__Source records__.
☆ ☆ ☆
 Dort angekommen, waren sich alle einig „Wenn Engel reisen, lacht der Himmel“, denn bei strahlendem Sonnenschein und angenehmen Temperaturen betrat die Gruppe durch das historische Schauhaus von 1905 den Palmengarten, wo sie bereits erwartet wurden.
☆ ☆ ☆
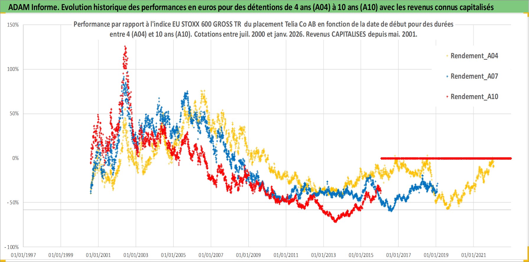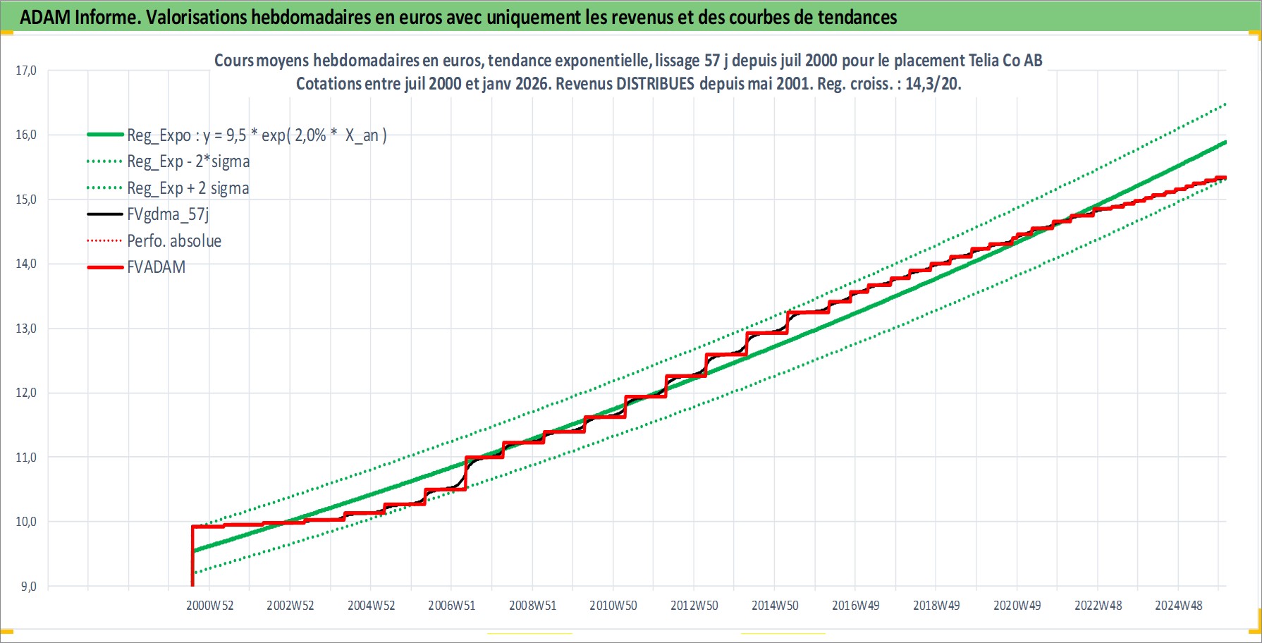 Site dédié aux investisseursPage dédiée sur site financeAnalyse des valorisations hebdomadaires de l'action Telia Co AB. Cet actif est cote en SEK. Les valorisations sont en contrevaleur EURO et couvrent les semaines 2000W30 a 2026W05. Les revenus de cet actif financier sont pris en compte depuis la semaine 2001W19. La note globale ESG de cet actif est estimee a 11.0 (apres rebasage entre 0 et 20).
☆ ☆ ☆
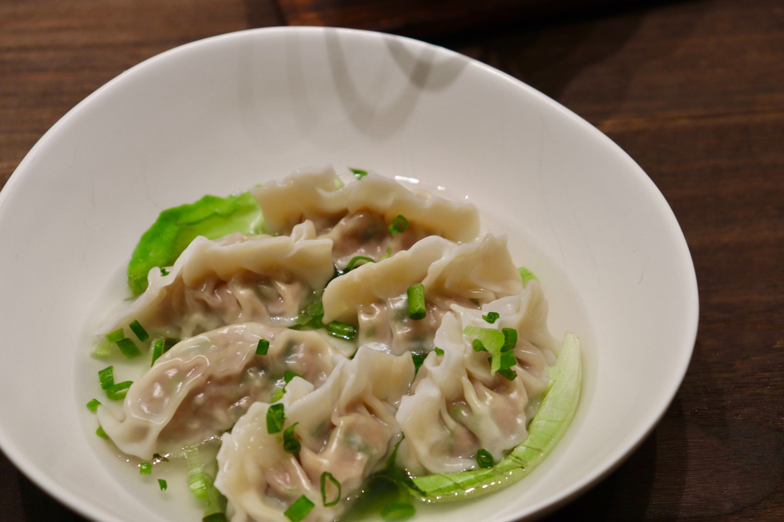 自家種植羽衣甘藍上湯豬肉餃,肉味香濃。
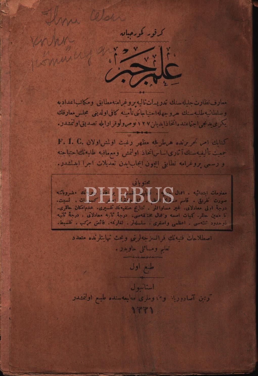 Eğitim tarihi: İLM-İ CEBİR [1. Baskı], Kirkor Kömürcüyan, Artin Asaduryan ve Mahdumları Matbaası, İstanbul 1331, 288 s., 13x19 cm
☆ ☆ ☆
__Task statement__.
With the pictures removed from your copy, retype the lines above from the one that contains "自家種植羽衣甘藍上湯豬肉餃,肉味香濃。" through the one that contains "Eğitim tarihi: İLM-İ", exactly.

__Written response__.
 自家種植羽衣甘藍上湯豬肉餃,肉味香濃。
 Eğitim tarihi: İLM-İ CEBİR [1. Baskı], Kirkor Kömürcüyan, Artin Asaduryan ve Mahdumları Matbaası, İstanbul 1331, 288 s., 13x19 cm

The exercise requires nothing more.